The crystal structure of the decapeptide Boc-Aib-Glu(OBzl)-Leu-Aib-Ala-Leu-Aib-Ala-Lys(Z)-Aib-OMe (where Aib is α-aminoisobutyryl, Boc is t-butoxycarbonyl, OBzl is benzyl ester, and Z is benzyloxycarbonyl) illustrates a parallel zipper arrangement of interacting helical peptide columns. Head-to-tail NH ⋯ OC hydrogen bonding extends the α-helices formed by the decapeptide into long columns in the crystal. An additional NH ⋯ OC hydrogen bond in the head-to-tail region, between the extended side chains of Glu(OBzl), residue 2 in one molecule, and Lys(Z), residue 9 in another molecule, forms a "double tooth" on the side of the column. These double teeth are repeated regularly on the helical columns with spaces of six residues between them (≈10 Å). The double teeth on a pair of parallel columns (all carbonyl groups pointed in the same direction) interdigitate in a zipper motif.

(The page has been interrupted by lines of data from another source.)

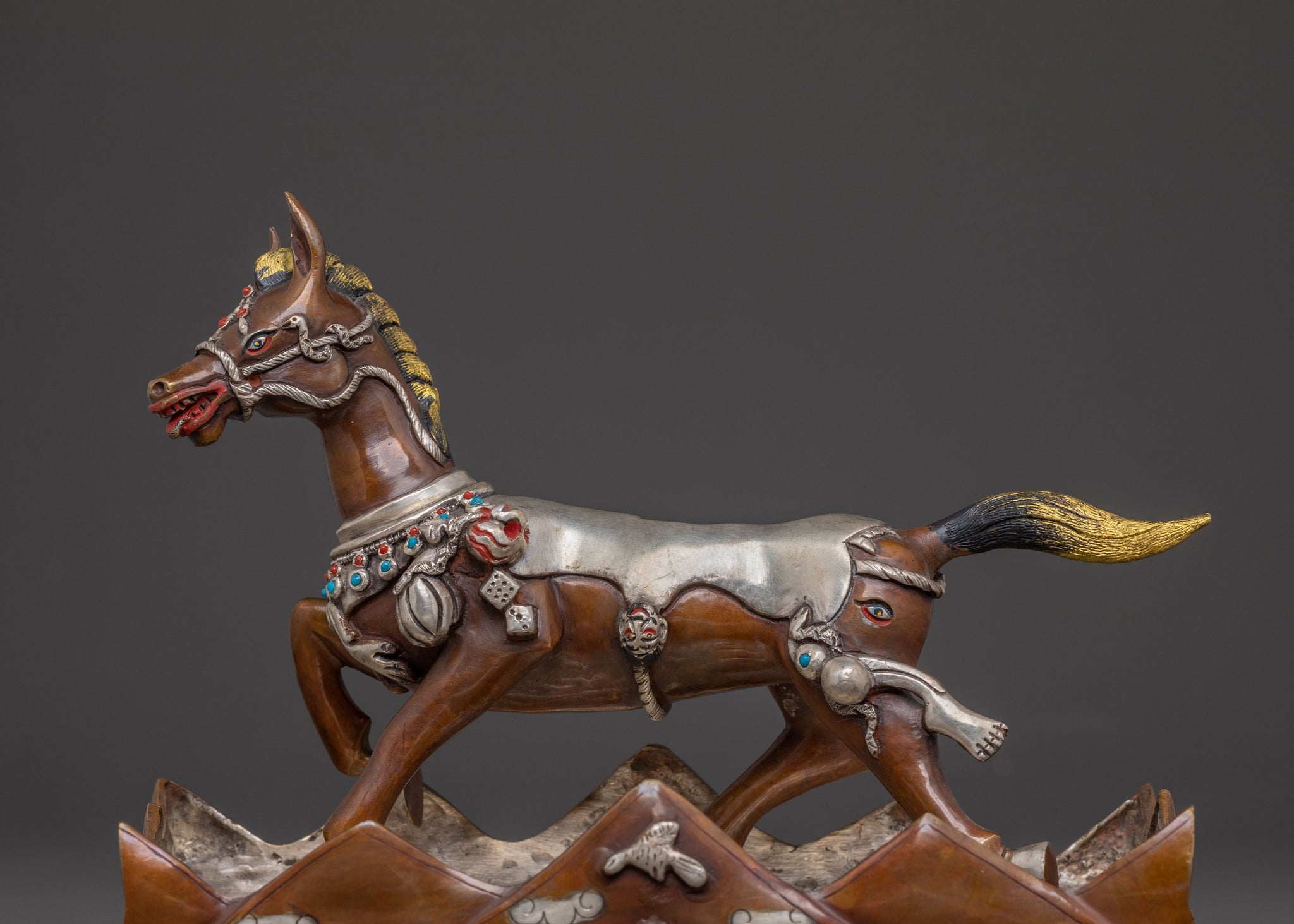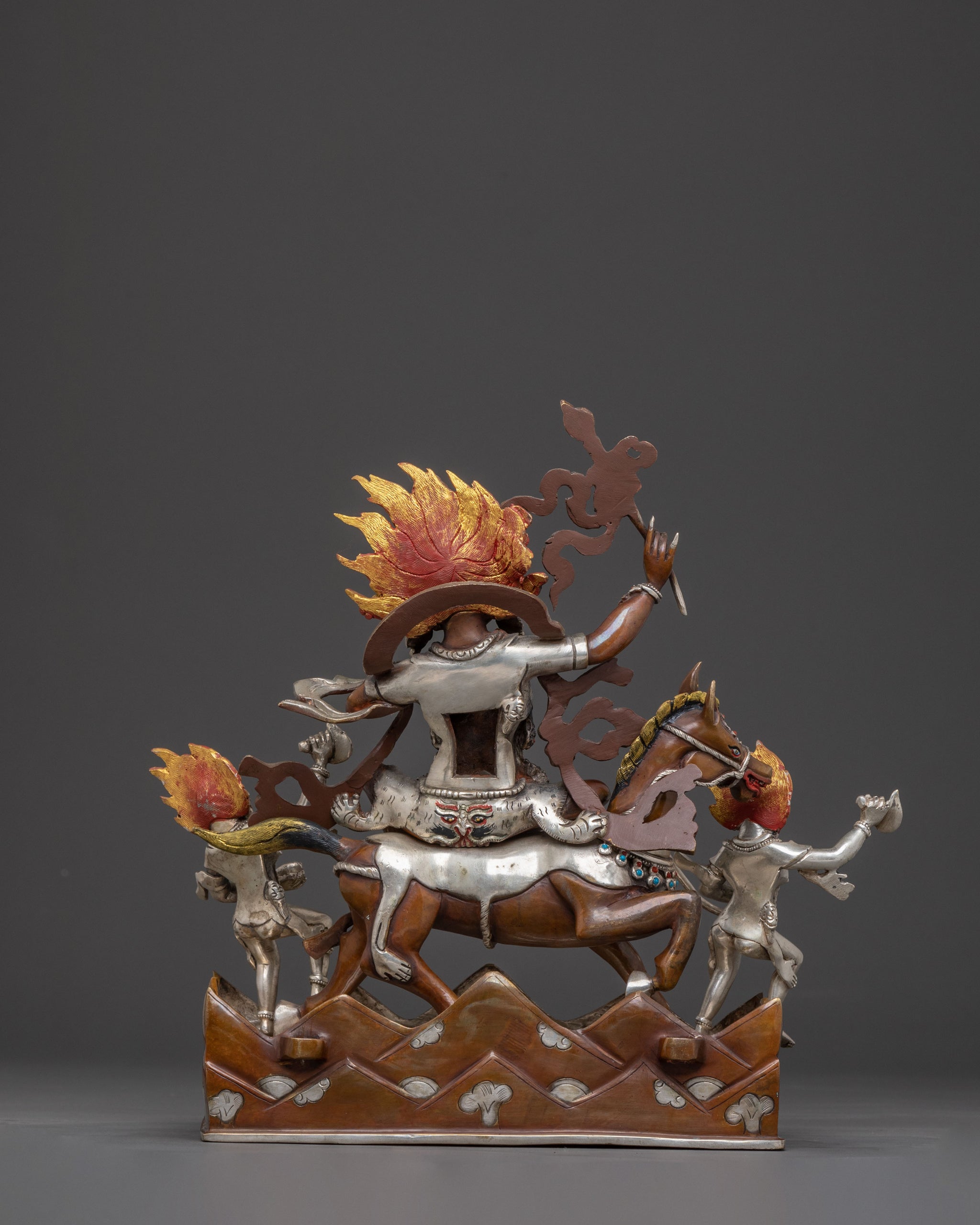 Palden Lhamo, the fierce protector deity, commands attention astride her midnight steed—a symbol of unstoppable momentum and divine authority. Adorned with a crown of five skulls representing mastery over ignorance, attachment, anger, pride, and jealousy, she embodies wrathful compassion in its most potent form. Her three penetrating eyes pierce through time itself, witnessing past, present, and future simultaneously. In her hands rest sacred implements: the khatvanga staff crowned with a vajra symbolizing indestructible spiritual power, and a kapala skull cup transforming suffering into enlightened wisdom. Her mount, bedecked with skulls including her son's visage, gallops through a blazing aureole of spiritual fire that incinerates all obstacles and negativities. Flanked by two fierce attendants against a dramatic mountain backdrop, this copper sculpture captures her dual nature—a wrathful guardian whose fierce protection springs from boundless compassion, eternally vigilant over those walking the sacred path.
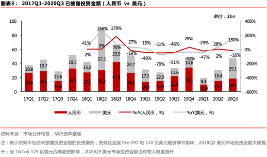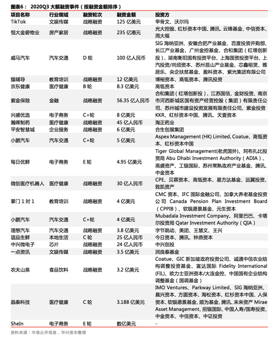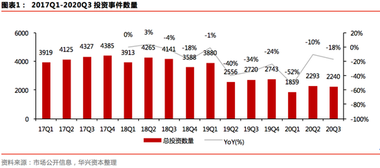 数据源补充说明:1.本文投资部分数据源为IT桔子和企名片,由华兴资本汇总整理得到,其中,行业分布数据源为企名片;2.募资部分数据源为私募通和投资界,数据摘录时间为2020.10.6;
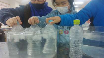 理科の学習で、空のペットボトルを湯や氷水の中に入れた時のペットボトルの様子について話し合いました。「お湯に入れるとペットボトルがぱんぱんにふくらんだよ。」「氷水の中に入れると、ペットボトルがどんどんへこんでいった!」ということから、ペットボトルの中にある空気の体積とお湯や氷水の温度が関係あるのではないかと子どもたちは考えていました。これからものの体積と温度の関係について調べていきます。
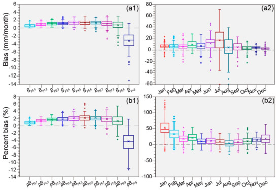 where HMSE, MMSE, and FMSE are errors in successful detections, errors, due to rainfall misses, and errors, due to false detection, respectively. MSEPi,i+1 represents the error for the bin of [Pi, Pi+1), as defined as above. The percent values of HMSE, MMSE, FMSE, NFMSE, and MSEPi,i+1 (named pHMSE, pMMSE, pFMSE, pNFMSE, and pMSEPi,i+1) can be obtained by dividing its value by TMSE. Notably, in this study, we calculated these selected validation metrics at 176 grid boxes, and utilize their means to detect PERSIANN-CDR performances in the HRB. Moreover, the box-plots for each validation metric in the following text are drawn using their estimates at all the grid boxes.
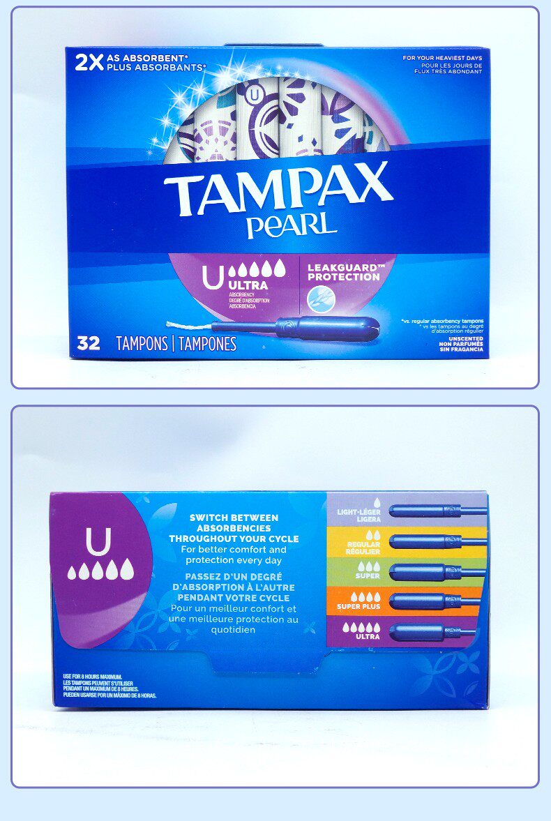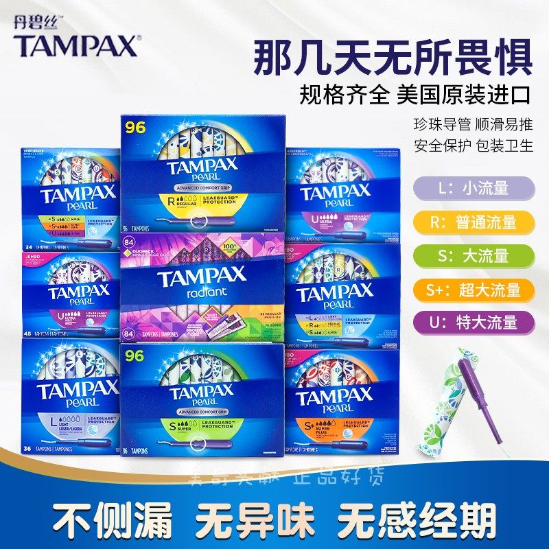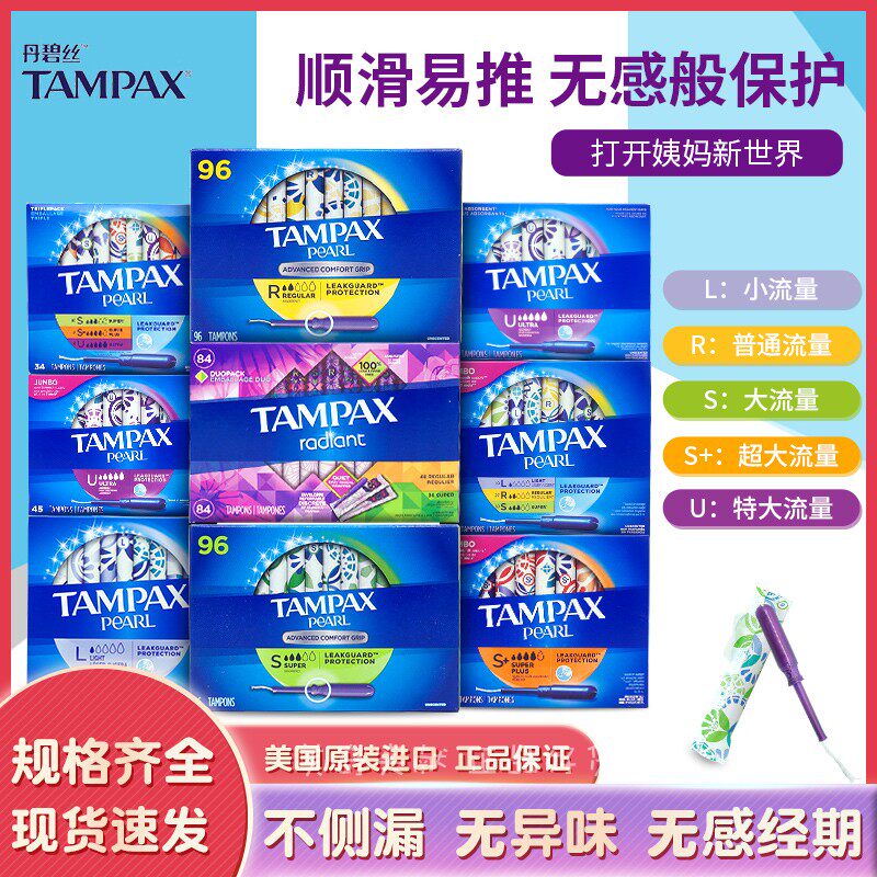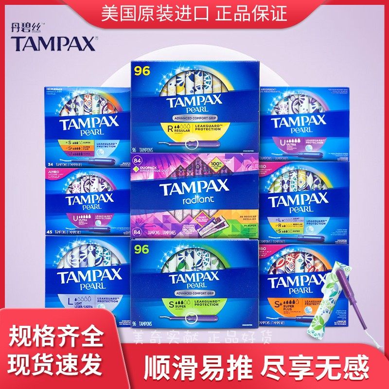 Пятно в Тампаксе Тампакс Пластиковая катетерная хлопчатобумажная хлопковая хлопчатобумажная хлопчатобумажная полоса 96, 84, 50 обычных крупных хлопок

All contacts in the zipper portion are of the van der Waals type. The peptide, with formula C66H103)N11O17·H 2O, crystallizes in space group P212121 with a = 10.677(4) Å, b = 16.452(6) Å, and c = 43.779(13) Å; overall agreement R = 10.2% for 3527 observed reflections (|F0| > 30); resolution 0.9 Å.